# Remember Summer.......



## GoldenJoyx'stwo (Feb 25, 2007)

I'm so very sorry. I do not regret trying to help Summer at all. I just wish we could have saved her.


----------



## Jazz & Jules (Feb 25, 2007)

Kimm said:


> I'm so very sorry. I do not regret trying to help Summer at all. I just wish we could have saved her.


I believe we did save her Kimm, if only for a few short months, it gave the family a chance to love and say goodbye.


----------



## mybuddy (Mar 2, 2007)

No Way!!!!! Oh no!!!!! Shoot...thanks for passing this on Martha. Gosh...that is just horrible. I feel so sad about this. I must go send them a message now.


----------



## olik (Apr 13, 2008)

how sad!


----------



## Jackson'sMom (Oct 13, 2007)

It looks as if she really enjoyed her last days with her family.


----------



## Oaklys Dad (Dec 28, 2005)

Sorry to hear the news. My thoughts are with Summer's parents.


----------



## MycrazyGoldengang (Jan 15, 2008)

I have just read her blog, and posted a thread not aware that this one had been created. I followed her path and now sittting here with tears in my eyes.

Yes i am a 46 year old male but when you here of some one's loss it hurts.

My two are getting extra hugs now why ? because i am grateful and lucky not to have to face that.


----------



## jealous1 (Dec 7, 2007)

Thank you for posting as I did not have the site bookmarked on this computer and have been checking regularly to see if there had been any updates.
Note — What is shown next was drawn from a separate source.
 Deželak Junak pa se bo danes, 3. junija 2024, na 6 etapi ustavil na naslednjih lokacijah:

I am so sorry for his and his family's loss of Summer as it was so obvious how much they loved her. Rick, if you read this, may your wonderful memories of Summer comfort you and your family in the coming days.


----------



## mybuddy (Mar 2, 2007)

Ellesimmo said:


> I have just read her blog, and posted a thread not aware that this one had been created. I followed her path and now sittting here with tears in my eyes.
> 
> Yes i am a 46 year old male but when you here of some one's loss it hurts.
> 
> My two are getting extra hugs now why ? because i am grateful and lucky not to have to face that.
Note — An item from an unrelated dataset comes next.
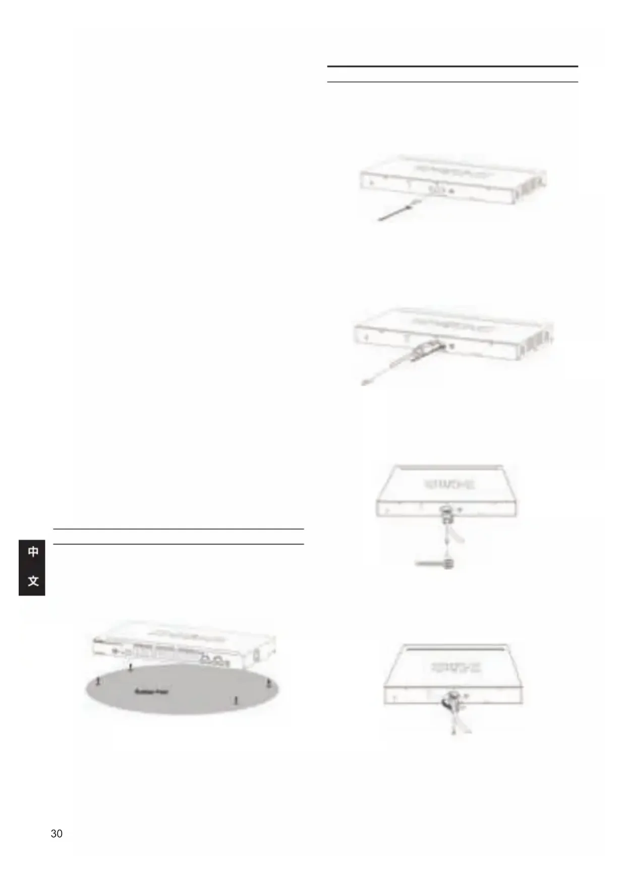 本指南提供一步一步的指示設定D-Link SmartPro交換器與關於保固,安全,監管和環境聲明。請注意,您所購買的型號可能會與這些圖中所顯示略有不同。更多關於您的交換器細節資訊、配件、設定網路連接與技術規格,請參閱產品包裝中的使用手冊。 步驟 1 – 打開包裝 小心打開包裝後,請參閱包裝內容物資料,確認所有品項數量正確以及均正常沒有損壞,假如有任何品項遺失或損壞,請聯絡當地的零售商更換。- 一台D-Link SmartPro交換器- 機架固定架- 橡膠腳墊- 電源線- 一個Console線- 電源線夾- 使用手冊光碟片(包含DNA (D-Link Network Assistant) program)- 多國語言版設定指南 步驟2 – 交換器安裝 為了讓交換器安裝與運作安全,建議您以下幾件事情:•檢查電源線的外表,並確認AC電源連接插頭是安全的。•請確認交換器周圍為適當的通風散熱環境。•不要放重物在交換器上。 當安裝交換器在桌上或架子上,產品包裝內的橡膠腳墊請安裝至交換器底部的四個角落,讓交換器與桌面有適當的通風空間。圖 1. 安裝橡膠腳墊 為了防止意外移除AC電源線,建議電源線夾與電源線安裝在一起。 1. 用粗糙的一面朝下,將固定帶插入到下方的電源插座孔圖 2-1. 將固定帶插入交換器2. 將交流電源線插入電源插座。圖 2-2. 將電源線連接至交換器

I was thinking the EXACT same thing after reading that. I ran out to the livingroom and threw my arms around Buddy and squeezed. I thought about what they are going through and what poor Barb went through xmas day losing her Buddy....cherish the day....


----------



## BeauShel (May 20, 2007)

I too saw that and had tears in my eyes from their loss. I hope they can find comfort in the memories and love that they had for her. Run free sweet girl, you are loved and missed.


----------



## Heidi36oh (Feb 27, 2007)

Oh no, RIP sweet Summer.


----------



## AtticusJordie (Aug 15, 2006)

Even though Summer is gone--everyone pitched in and helped give her some more time with her parents. I agree--she did seem happy in her last days. That is the way she should be remembered.

RIP Summer........

SJ


----------



## Ardeagold (Feb 26, 2007)

Oh no. I'm so sorry to hear this. But I'm glad the family had these precious months with her.

Godspeed sweet Summer.


----------



## goldensmum (Oct 23, 2007)

Run free play hard and sleep softly girl


----------



## jlc's mom (Dec 21, 2007)

This makes me so sad. I'm sure glad she had thoughs extra months with the family. RIP sweet summer.


----------



## MycrazyGoldengang (Jan 15, 2008)

If you get 5 minutes go to the blog there is a lovely letter from Rick

Title Thank You Everyone.


----------



## Karen519 (Aug 21, 2006)

*Rest in peace sweet Summer*

Rest in peace sweet Summer.

*Please take the time to go to her Blog and read the thank you from Rick.
http://web.me.com/rickphenicie/Summ...ies/2008/12/26_My_Best_Friend_Is_Gone....html*

I too am glad we could give them a little more time with her and saddened by the arguing that was going on back then

I am so very grateful Smooch and Snobear are still hear with us and I feel so bad for the family. Summer was a beautiful soul!!


----------



## MissRue (Nov 18, 2008)

Oh no, that's so sad.


----------



## CindyZ (Nov 29, 2008)

How sad. They posted they tried to make her last days fun and it looks like they succeeded from the pictures. May she rest in peace.


----------



## WLR (May 11, 2008)

****.......That kind of "defeat" really stings. But we bought her 3 good months to be with the ones she loved. 
I'm sure her spirit will guide them toward their next Golden, perhaps a rescue who will always be willing to give that unconditional Golden love.


----------



## ShadowsParents (Feb 27, 2007)

Thanks for the update Mj. I've wondered what happened to her but couldn't remember the link to her site.


----------



## Blaireli (Jun 3, 2008)

I just checked Summer's website, as I hadn't been on there for a couple of weeks. I'm so sad to hear about her passing, but so thankful she had a wonderful life with such a loving family. Rick, if you come back on here, please know that you and your family are in our thoughts and prayers. Rest in peace, sweet Summer.


----------



## Mandy's Dad (May 27, 2008)

Rest in peace Summer! I really didn't know this situation, but it sure sounds sad. Glad that the GRF could help when they did.


----------



## Packleader (Nov 27, 2007)

I often visited Summer's website. Then there seemed to be a long gap between postings so I emailed Rick to see what was happening. Then I found out last week she had passed, it made me sad. I really feel for the family. And yes GRF did give her those extra months that the family cherished. That darn thing grew back sooo fast.


----------